The idea came up as a countermove to the increased demand for plant breeders' rights, as voiced in international negotiations, to draw attention to the unremunerated innovations of farmers that were seen as the foundation of all modern plant breeding.

In 1983, Pat Roy Mooney wrote 'The Law of the Seed: Another Development and Plant Genetic Resources' (Development Dialogue, Vol. 1-2, published by the Dag Hammarskjöld Foundation), which is a comprehensive analysis of the international management of plant genetic resources for food and agriculture. Here Mooney argues for benefits to farmers for their contribution to the global genetic pool, as well as the need for conservation support. He proposes that a fund be established for the purpose, and argues against any legal arrangements which may hinder farmers in their practice of saving, reusing, improving and developing seeds - in other words, here we find most of the elements which were later to be ascribed to farmers' rights.
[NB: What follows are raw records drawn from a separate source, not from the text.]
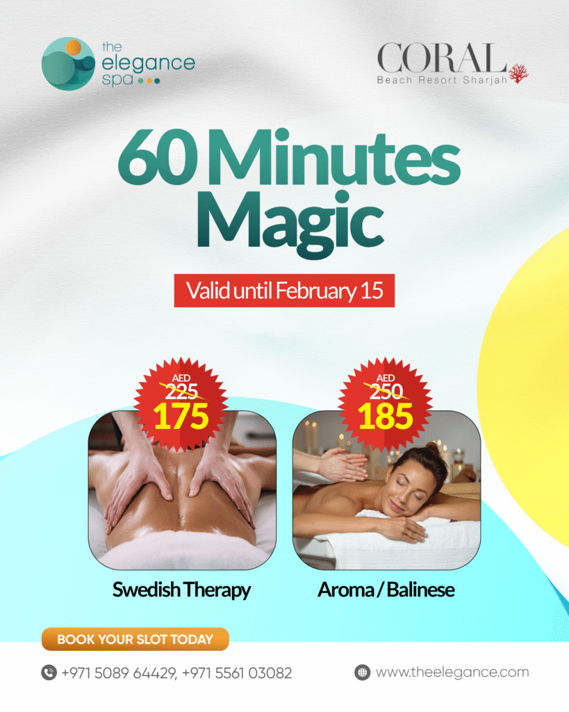 Escape to pure luxury at Coral Beach Resort and discover rejuvenation with Elegance Spa’s exclusive therapies. Widely regarded as the best spa in Sharjah, Elegance Spa offers a professional wellness experience designed to restore balance and vitality. Indulge in our calming Aroma massage in Sharjah, traditional Balinese treatments, or our signature Anti-Stress sessions. Conveniently located in the heart of Sharjah, we provide personalized therapies that leave you refreshed, relaxed, and renewed.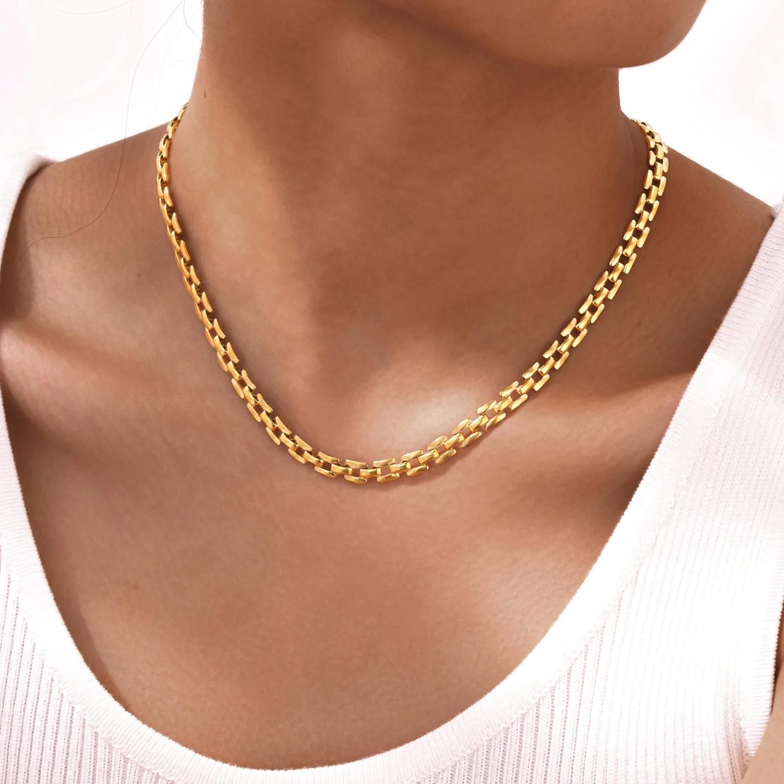 Hip Hop Style 18K Gold Plated Stainless Steel Jewelry Handmade Chunky Watch Chain Necklace for Gift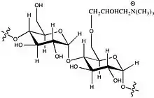 To enhance the paper's strength, cationic starch is added to wet pulp in the manufacturing process. Starch has a similar chemical structure as the cellulose fibre of the pulp, and the surface of both the starch and fibre are negatively charged. By adding cationic (positive charged) starch, the fibre can bind with the starch and thus also increase the interconnections between the fibres. The positively charged portion of the starch is usually formed by quaternary ammonium cations. Quaternary salts that are used include 2.3-epoxy propyl trimethyl ammoniumchloride (EPTAC, also known as or Glytac Quab, GMAC™) and (3-chloro-2-hydroxypropyl) trimethyl ammonium chloride (CHPTAC, also known as Quat 188, Quab 188, Reagens™).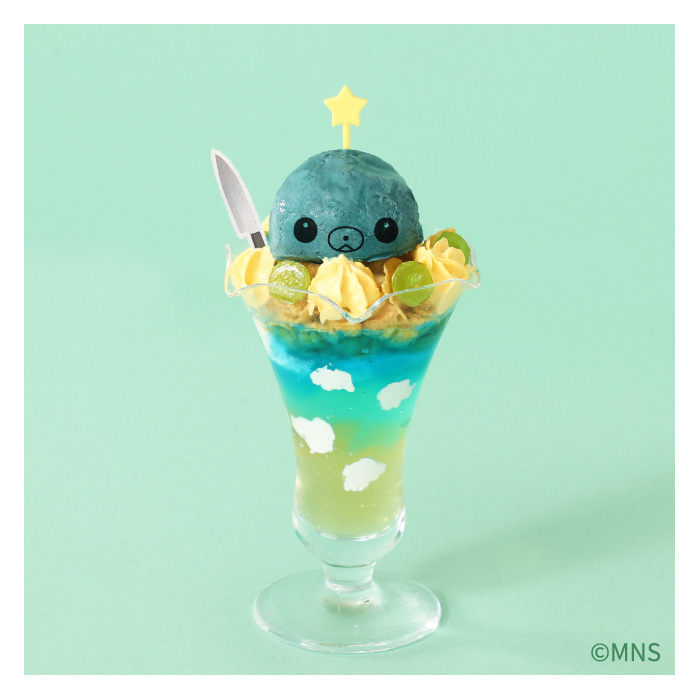 甜點的部分,則有以TAMA為造型的特製聖代,好笑的是,上面還插著TAMA常用的那把刀做裝飾。

According to Cary Fowler (in Unnatural Selection. Technology, Politics and Plant Evolution, Yverdon, Switzerland: Gordon and Breach, 1993, p. 192), the concept can be traced back to the work of inter alia the renowned plant explorer, geneticist and plant breeder Jack R. Harlan (1917-1988), who spoke of farmers as the 'amateurs' who had in fact created the genetic diversity that had become subject to controversies.